I kind of hoped to see him in Ohio. Actually I don't know how I feel about him. We were as close as siblings but I had lost touch with him. I don't know what happened to him. He could be married with children or traveling the world. I hoped not to see him but a small part of me wants to.

He would be strong for me and I would be strong for him. We would tell each other what we wanted to do and how we planned on doing it. We trusted each other because we would never judge each other. We knew each other like we knew the back of our hands.

I was still thinking about Tyler when I felt that the car was starting to slow down. Soon the car stopped and I look up and saw Hattie, her eyes were a deep blue with specks of white in them. She was staring at me with her worried eyes. I looked back at her with confusion.

"I never knew you were unhappy in high school. How come you did not tell me. You know I would have helped" Whispered Hattie with her small, calming voice. I looked back even more confused. She knew I had no idea what she was talking about and softened her eyes. She begins to explain, " You talked in your deep train of thought you said some stuff about horrible school, sadness, Tyler, no help, very little help, and some other stuff. Is it true or are you just going crazy." I looked at Hattie with puppy dog eyes, I did not want to explain to her my past life it would ruin the whole vacation.
"I will tell you when we get back home."

"I want to know now." She said crossing her arms and putting her bottom lip out.

"Please not now. It will take a long time to talk about and I don't want to ruin the vacation by talking about sad things like my past life. Plus I don't want to talk."

"Alice you are my best friend tell me or I will call you Ally Boo for the rest of my life OK, Ally Boo." She knows I hate that nickname.

"Fine, I will tell you but only because I hate the name Ally Boo."

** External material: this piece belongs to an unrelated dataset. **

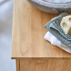 ElĂ©gance naturelle et charme intemporel pour le meuble de salle de bain en teck massif Soho. Son design minimaliste est relevĂ© d’une très belle conception lattĂ©e, très en vogue dans les intĂ©rieurs contemporains. Conçu pour durer, il accompagne votre quotidien sans jamais se dĂ©moder. On aime sa judicieuse capacitĂ© de rangement qui lui permet d’accueillir le linge de toilette et les accessoires… et les poignĂ©es en mĂ©tal brossĂ© du plus bel effet. IdĂ©al pour recevoir une vasque Ă poser que vous choisirez selon votre goĂ»t et votre budget – terrazzo premium, cĂ©ramique, marbre, pierre… , il peut ĂŞtre complĂ©tĂ© de la colonne en teck massif Soho assortie.

Finally, I told Hattie about how Tyler and I were best friends who help each other through the tough parts of life. I also told Hattie that Tyler started hanging out with me less because he found a friend named Josh and they made music together. Then, I also told Hattie that I almost lost it when no one was there for me. I also explained that I could not talk to Hattie because I did not want Hattie, my only friend at the time, to leave or petty me. Finally, I told Hattie that I just had to move away after high school and how I thought Arizona would be great because I thought the sun would make me feel warm inside.